▸ Data provided:
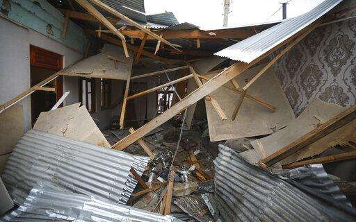 A destroyed house damaged by shelling during fighting over the breakaway region of Nagorno-Karabakh in Terter, Azerbaijan, Saturday, Oct. 3, 2020. Armenia and Azerbaijan say heavy fighting is continuing in their conflict over the separatist territory of Nagorno-Karabakh and Azerbaijan's president said late Saturday his troops had taken a village. (AP Photo/Aziz Karimov)
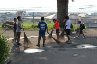 朝陽を浴びて、6年生が落ち葉を掃いていました。
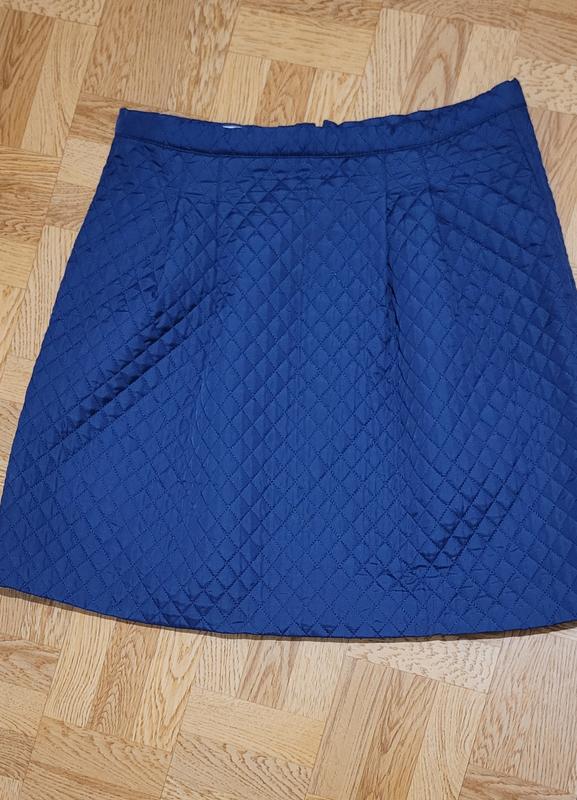 Тепла стьобана темно-синя спідниця. Довжина до коліна. Спереду 4, ззаду 2 складки. Довжина 49 см, піт 40 см, ширина знизу 62 см.
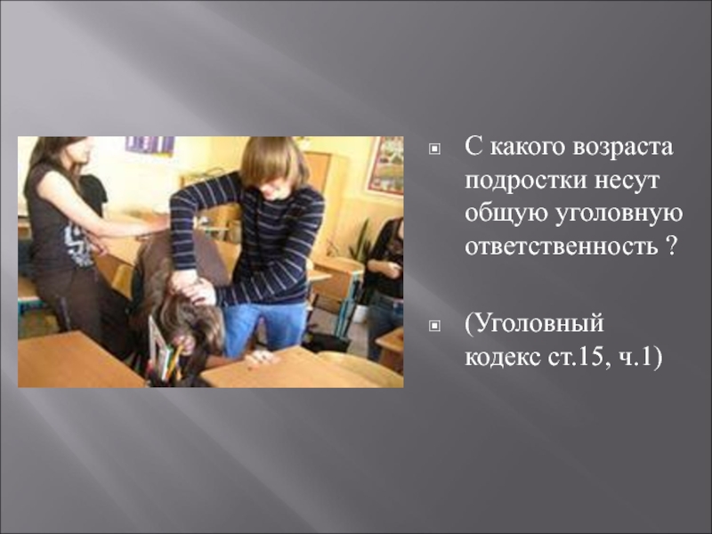 Слайд 5С какого возраста подростки несут общую уголовную ответственность ?
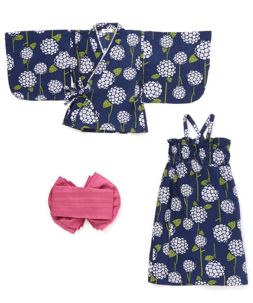 【浴衣としてもワンピースとしても楽しめる、BREEZEの2WAY浴衣♪】 大きなアジサイ柄がかわいい♪ 帯がリボン型になっているのもポイント♪ セパレートタイプなのでワンピースとしても着られて、お祭りなどの行事以外でもご着用いただけます☆ 姉妹やお友だちとお揃いで夏を楽しんでくださいね!
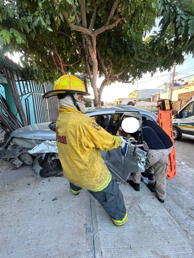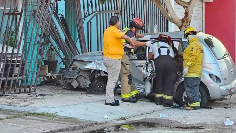 Mazatlán, Sin (RI Noticias).- Esta mañana se registró un aparatoso accidente en el fraccionamiento Lomas de Mazatlán, en donde tres personas resultaron lesionadas después de que el conductor de un vehículo perdió el control de la unidad y se impactó contra una reja metálica de un domicilio y un árbol.
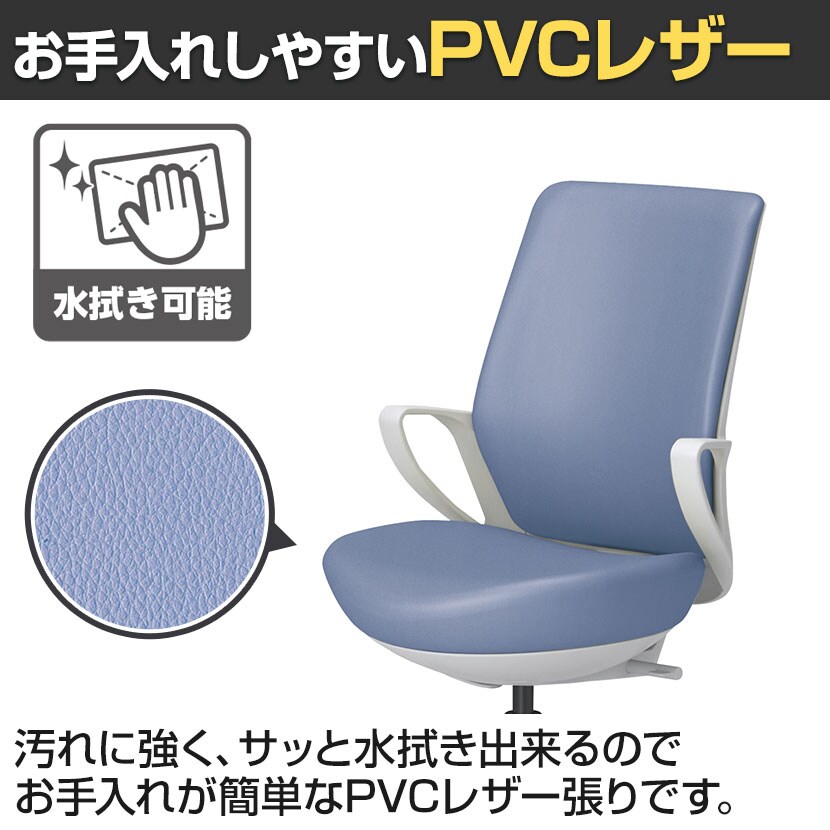 ・張地には耐アルコール、耐次亜塩素酸ナトリウム性能を持ったエコPVCレザーを使用。

▸ Exercise requirements: Set down the entire material verbatim, with each picture left out.

▸ Solution:
 A destroyed house damaged by shelling during fighting over the breakaway region of Nagorno-Karabakh in Terter, Azerbaijan, Saturday, Oct. 3, 2020. Armenia and Azerbaijan say heavy fighting is continuing in their conflict over the separatist territory of Nagorno-Karabakh and Azerbaijan's president said late Saturday his troops had taken a village. (AP Photo/Aziz Karimov)
 朝陽を浴びて、6年生が落ち葉を掃いていました。
 Тепла стьобана темно-синя спідниця. Довжина до коліна. Спереду 4, ззаду 2 складки. Довжина 49 см, піт 40 см, ширина знизу 62 см.
 Слайд 5С какого возраста подростки несут общую уголовную ответственность ?
 【浴衣としてもワンピースとしても楽しめる、BREEZEの2WAY浴衣♪】 大きなアジサイ柄がかわいい♪ 帯がリボン型になっているのもポイント♪ セパレートタイプなのでワンピースとしても着られて、お祭りなどの行事以外でもご着用いただけます☆ 姉妹やお友だちとお揃いで夏を楽しんでくださいね!
 Mazatlán, Sin (RI Noticias).- Esta mañana se registró un aparatoso accidente en el fraccionamiento Lomas de Mazatlán, en donde tres personas resultaron lesionadas después de que el conductor de un vehículo perdió el control de la unidad y se impactó contra una reja metálica de un domicilio y un árbol.
 ・張地には耐アルコール、耐次亜塩素酸ナトリウム性能を持ったエコPVCレザーを使用。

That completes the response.